_Extracted entries_:
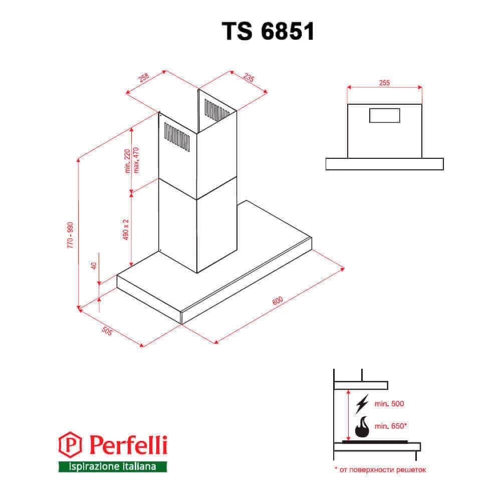 Кухонна витяжка Perfelli TS 6851 Т-подібної форми з пристінним типом монтажу є ефективним рішенням для очищення повітря на кухні, гармонійно доповнюючи сучасний інтер'єр. Корпус виготовлений зі сталі, а декоративні елементи зі скла підкреслюють стиль та додають затишку приміщенню.
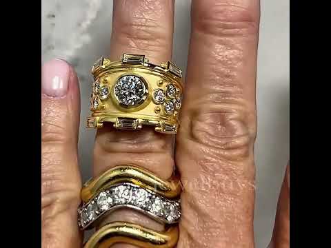 This is a one-of-a-kind ring - set with a round brilliant cut main stone, mixed with round and baguette cut stones.
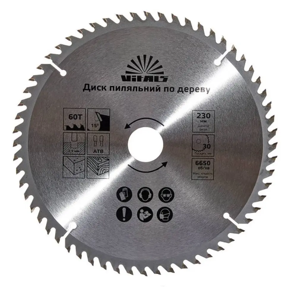 Диск пиляльний Vitals по дереву 230x30/25.4/22.2 мм ATB 60 (00000001681414)
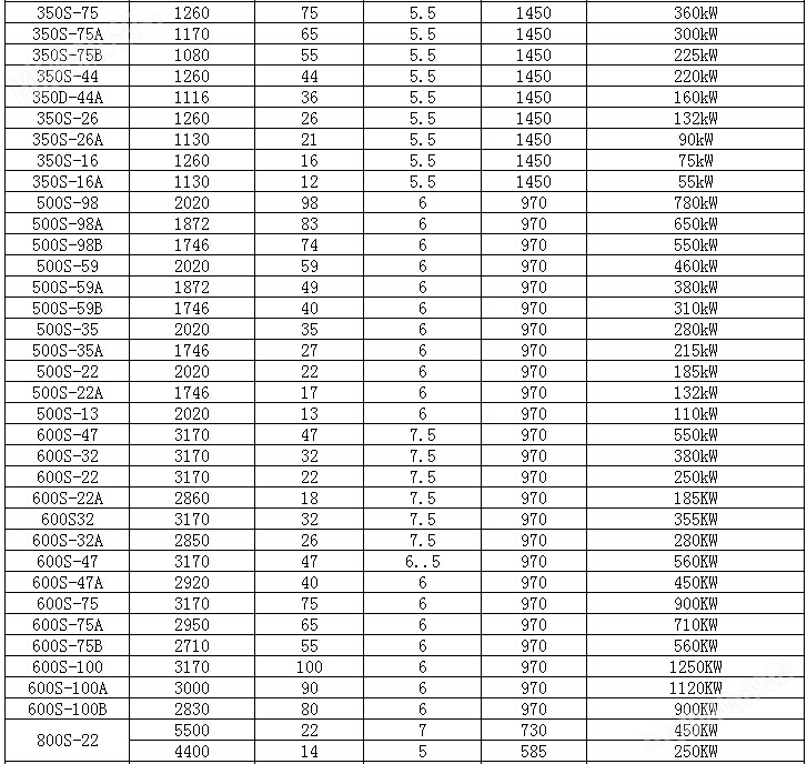 S系列單級的運(yùn)行數(shù)據(jù)  泵出口直徑 DN 80~800mm  流 量 Q ≤11600m3/h
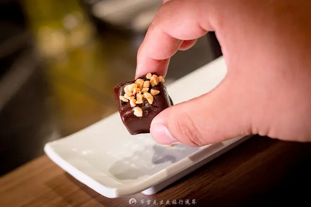 巧克力慕斯看似一般巧克力,但實則是用73%比利時巧克力去包覆與洋蔥炒過做成的雞肝慕斯,對的! 裡面包著雞肝,神奇吧!但作為一家燒鳥串燒店來說,以雞肝巧克力作為結尾,也是個很妙的呼應,咬下去甜苦的味道帶有雞肝味道,帶有略淡的鹹香,好吃又有層次感。
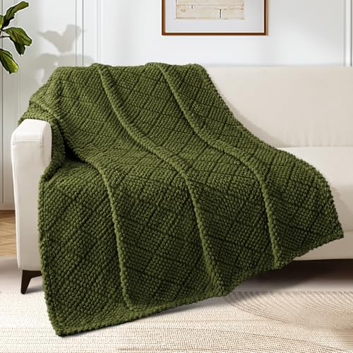 Whale Flotilla Kuscheldecke, Weiche, Warme und Flauschige Waffeldecken für Jede Jahreszeit,130X150CM, Olivgrün

_What you are asked to do_: The answer must be an exact transcription of the lines from the one holding "量 Q ≤11600m3/h" to the last line of the entries above, with no pictures and nothing else.

_Written response_:
 S系列單級的運(yùn)行數(shù)據(jù)  泵出口直徑 DN 80~800mm  流 量 Q ≤11600m3/h
 巧克力慕斯看似一般巧克力,但實則是用73%比利時巧克力去包覆與洋蔥炒過做成的雞肝慕斯,對的! 裡面包著雞肝,神奇吧!但作為一家燒鳥串燒店來說,以雞肝巧克力作為結尾,也是個很妙的呼應,咬下去甜苦的味道帶有雞肝味道,帶有略淡的鹹香,好吃又有層次感。
 Whale Flotilla Kuscheldecke, Weiche, Warme und Flauschige Waffeldecken für Jede Jahreszeit,130X150CM, Olivgrün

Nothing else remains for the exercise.